Work order - Produce an exact transcript of all the records.

(Stored items from a collection)
■ ■ ■ ■ ■
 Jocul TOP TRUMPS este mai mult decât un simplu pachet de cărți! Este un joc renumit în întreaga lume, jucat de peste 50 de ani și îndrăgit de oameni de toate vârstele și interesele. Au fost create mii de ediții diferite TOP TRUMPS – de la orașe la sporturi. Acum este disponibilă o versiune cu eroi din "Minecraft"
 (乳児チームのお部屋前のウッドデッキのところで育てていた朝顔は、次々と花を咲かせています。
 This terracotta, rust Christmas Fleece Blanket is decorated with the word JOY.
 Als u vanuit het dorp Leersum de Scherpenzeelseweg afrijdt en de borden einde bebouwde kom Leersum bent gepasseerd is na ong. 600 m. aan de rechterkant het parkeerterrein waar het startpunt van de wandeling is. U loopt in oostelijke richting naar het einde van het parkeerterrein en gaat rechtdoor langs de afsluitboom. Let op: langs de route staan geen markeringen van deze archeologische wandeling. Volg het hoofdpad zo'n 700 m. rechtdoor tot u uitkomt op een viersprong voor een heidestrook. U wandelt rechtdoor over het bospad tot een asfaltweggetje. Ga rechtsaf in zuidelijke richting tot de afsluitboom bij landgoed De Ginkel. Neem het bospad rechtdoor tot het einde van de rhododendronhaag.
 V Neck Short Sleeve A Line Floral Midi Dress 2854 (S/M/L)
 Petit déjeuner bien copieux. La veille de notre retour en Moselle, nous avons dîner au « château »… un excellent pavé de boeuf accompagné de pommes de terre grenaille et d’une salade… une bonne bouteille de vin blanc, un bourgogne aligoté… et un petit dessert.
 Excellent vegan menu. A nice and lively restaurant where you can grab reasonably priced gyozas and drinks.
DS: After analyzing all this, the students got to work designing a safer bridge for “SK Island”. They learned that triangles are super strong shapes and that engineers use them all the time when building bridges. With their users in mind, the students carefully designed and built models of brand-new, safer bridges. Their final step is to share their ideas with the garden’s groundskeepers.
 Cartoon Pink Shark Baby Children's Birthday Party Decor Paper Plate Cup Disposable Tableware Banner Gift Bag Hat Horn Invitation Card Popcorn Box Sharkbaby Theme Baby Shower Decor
■ ■ ■ ■ ■
Response to this task -
 Jocul TOP TRUMPS este mai mult decât un simplu pachet de cărți! Este un joc renumit în întreaga lume, jucat de peste 50 de ani și îndrăgit de oameni de toate vârstele și interesele. Au fost create mii de ediții diferite TOP TRUMPS – de la orașe la sporturi. Acum este disponibilă o versiune cu eroi din "Minecraft"
 (乳児チームのお部屋前のウッドデッキのところで育てていた朝顔は、次々と花を咲かせています。
 This terracotta, rust Christmas Fleece Blanket is decorated with the word JOY.
 Als u vanuit het dorp Leersum de Scherpenzeelseweg afrijdt en de borden einde bebouwde kom Leersum bent gepasseerd is na ong. 600 m. aan de rechterkant het parkeerterrein waar het startpunt van de wandeling is. U loopt in oostelijke richting naar het einde van het parkeerterrein en gaat rechtdoor langs de afsluitboom. Let op: langs de route staan geen markeringen van deze archeologische wandeling. Volg het hoofdpad zo'n 700 m. rechtdoor tot u uitkomt op een viersprong voor een heidestrook. U wandelt rechtdoor over het bospad tot een asfaltweggetje. Ga rechtsaf in zuidelijke richting tot de afsluitboom bij landgoed De Ginkel. Neem het bospad rechtdoor tot het einde van de rhododendronhaag.
 V Neck Short Sleeve A Line Floral Midi Dress 2854 (S/M/L)
 Petit déjeuner bien copieux. La veille de notre retour en Moselle, nous avons dîner au « château »… un excellent pavé de boeuf accompagné de pommes de terre grenaille et d’une salade… une bonne bouteille de vin blanc, un bourgogne aligoté… et un petit dessert.
 Excellent vegan menu. A nice and lively restaurant where you can grab reasonably priced gyozas and drinks.
DS: After analyzing all this, the students got to work designing a safer bridge for “SK Island”. They learned that triangles are super strong shapes and that engineers use them all the time when building bridges. With their users in mind, the students carefully designed and built models of brand-new, safer bridges. Their final step is to share their ideas with the garden’s groundskeepers.
 Cartoon Pink Shark Baby Children's Birthday Party Decor Paper Plate Cup Disposable Tableware Banner Gift Bag Hat Horn Invitation Card Popcorn Box Sharkbaby Theme Baby Shower Decor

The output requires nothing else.